Тем вечером я пришла раньше обычного, покинув гостиную вскоре после того, как часы пробили девять. Еще за ужином я заметила в Лоте перемену к худшему, даром что моя подруга по обыкновению напускала на себя веселость и сердилась, что с ней обращаются как с больной. Ее прибор стоял на общем столе – так она велела; она едва притрагивалась к одним блюдам, зато налегала на другие, наименее питательные, высмеивая врачебные предписания насчет диеты. Я едва высидела время с восьми до девяти; подавляя тревогу, занимала мисс Элдерсон безиком и, будучи не сильна в этой карточной игре, позволяла старушке выигрывать. Как и у всех пожилых людей, у мисс Элдерсон печаль задевала сердце только краем: тетушка Лоты примирилась с неизбежным. Внимательный доктор и превосходные сиделки значительно облегчили ее тревогу – так она мне сказала. Делается абсолютно все, на что способны любовь и забота, а что до остального – она, мисс Элдерсон, ходит в церковь, молится по утрам и вечерам читает свой весьма потрепанный Новый Завет и, по моему разумению, чувствует себя почти счастливой.

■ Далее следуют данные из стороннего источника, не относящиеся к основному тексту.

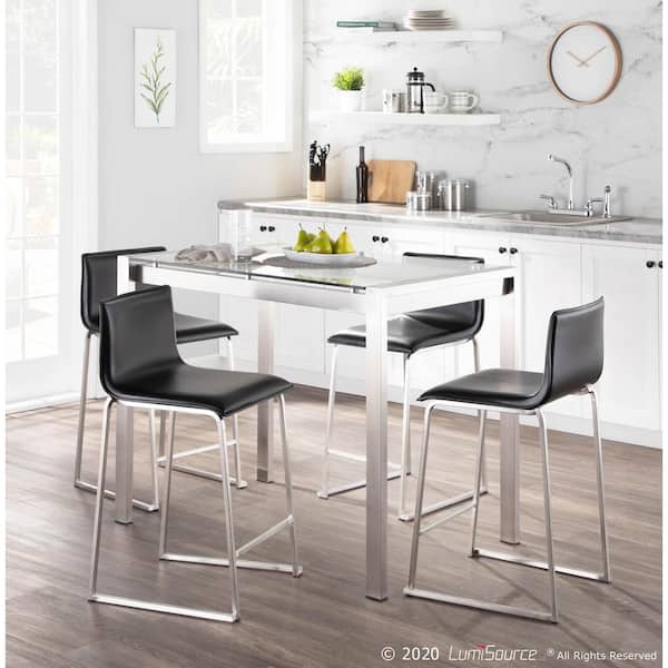 Mara 26 in. Black Faux Leather and Stainless Steel Counter Stool (Set of 2)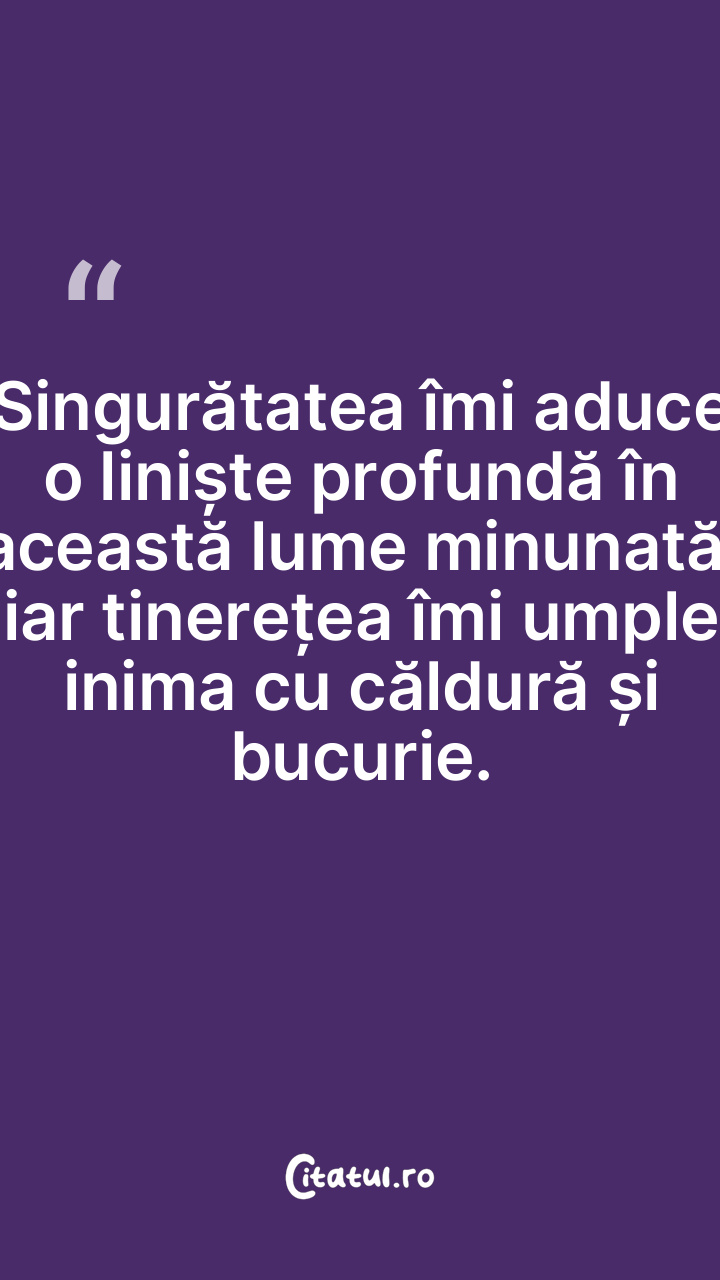 Singurătatea îmi aduce o liniște profundă în această lume minunată, iar tinerețea îmi umple inima cu căldură și bucurie.

– Все мы рано или поздно умрем, милая моя Хелен, – заметила мисс Элдерсон самым обыденным тоном.
Да, умрем. Только одно дело, когда смерть настигает человека на той стадии долгого пути, к которой приближалась сама никчемная и жалкая мисс Элдерсон (а она влачилась уже через опустошенные поля, мимо изгородей, с которых ветрами был сорван весь цвет; ее постигли седина и выпадение зубов, подслеповатость и тугоухость; ум ее ослабел, и одна мысль вытеснила из него все прочие), и совсем другое – умереть, как Лота, на пике юности и красоты, будучи богатой и любимой, когда весь мир лежит у ног! Забрать с собой в могилу эти дары! Нет, столь жестокий удел я не могла ни осмыслить, ни принять.
Лота дремала на диване у камина. Сиделка устроилась в кресле с недовязанным чулком: со дня прибытия в «Апельсиновые кущи» она отвлекалась от рукоделия лишь для того, чтобы обиходить больную. Сегодня Лота спала крепче обыкновенного, так что я подвинула к дивану низенький стул и села у нее в ногах, не потревожив.
Книга выскользнула из ее пальцев и, открытая, лежала на шелковом покрывале. Страницы были исписаны от руки. Сиделка, сразу вспомнилось мне, удивлялась интересу больной к дедушкиному дневнику. Моя ладонь накрыла его, и мне удалось им завладеть. Я действовала осторожно, так что Лота даже не шелохнулась.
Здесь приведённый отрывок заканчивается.